The American Jewish Committee is hosting a video competition called MyIsrael. With related groups on Facebook and YouTube, Avigail Sugarman learned the hard way that hatred of Israel on these sites can't be ignored. I'll just skip to the moral of the story:
YouTube has become a primary vehicle for the exchange of ideas and the formation of public opinion. In this instance, however, its power - with a tentacle-like reach and an astounding speed of dissemination - was wielded to spread hateful anti-Israel messages . . . .

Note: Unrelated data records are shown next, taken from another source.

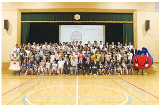
図-8 2016年度開催の様子

子供たちは、普段はあまり触れることのできないICTの最新技術を驚き、楽しんでいる(図-5, 図-6, 図-7, 図-8)。父兄や先生方も楽しんでいるようだ。
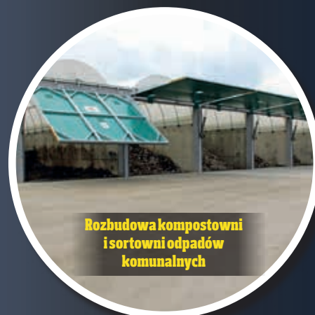
Rozbudowa kompostowni i sortowni odpadów komunalnych

Projekt obejmuje dziewięć zadań. Planowany koszt jego realizacji wynosi 33 mln zł, a kwota dofinansowania to prawie 17 mln zł. Projekt jest finansowany przez Unię Europejską ze środków Funduszu Spójności w ramach Programu Operacyjnego Infrastruktura i Środowisko na lata 2014–2020.
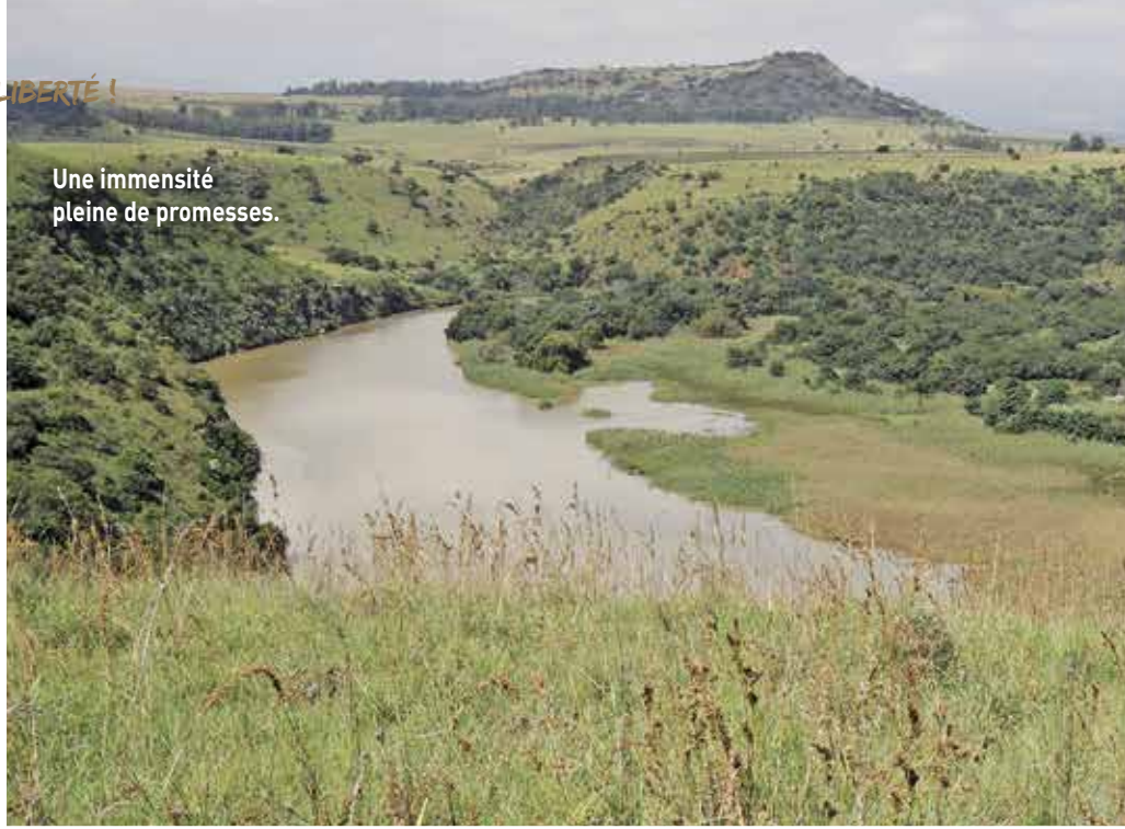
Une immensité pleine de promesses.
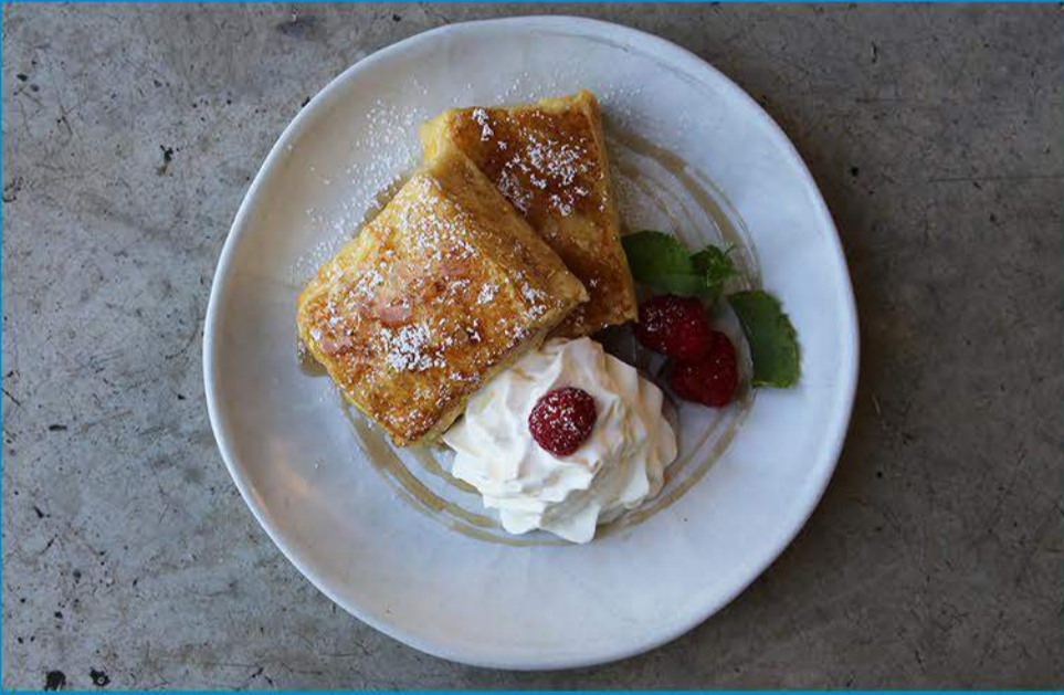
فرينشس French's 3.250

Before this incident, I believed that the debate on YouTube was secondary; we could turn a blind eye to anti-Israel expressions on the Internet, but make sure to step in when it came to the academy or the New York Times. What I learned last week was that sitting out the debate in this case will mean that those who hate Israel will define the debate for anyone who types "Israel" into a search. If we are too slow in recognizing this new front, we will lose the chance to impact these discussions and ultimately turn the tide.
Only President Truman’s support of the partition, giving the 30 percent Jewish minority governance of most of Palestine, accounted for the United Nations’ approval. Yet, when Israel launched its long-planned systematic ethnic cleansing of Palestinians from their ancestral homes and Truman demanded that they cease and allow refugees to return home, Israeli operatives assassinated a U.N. mediator and brushed off Truman — Israel needed more land for its security. Israel’s ethnic cleansing of 800,000 Palestinians violated U.N. charter articles.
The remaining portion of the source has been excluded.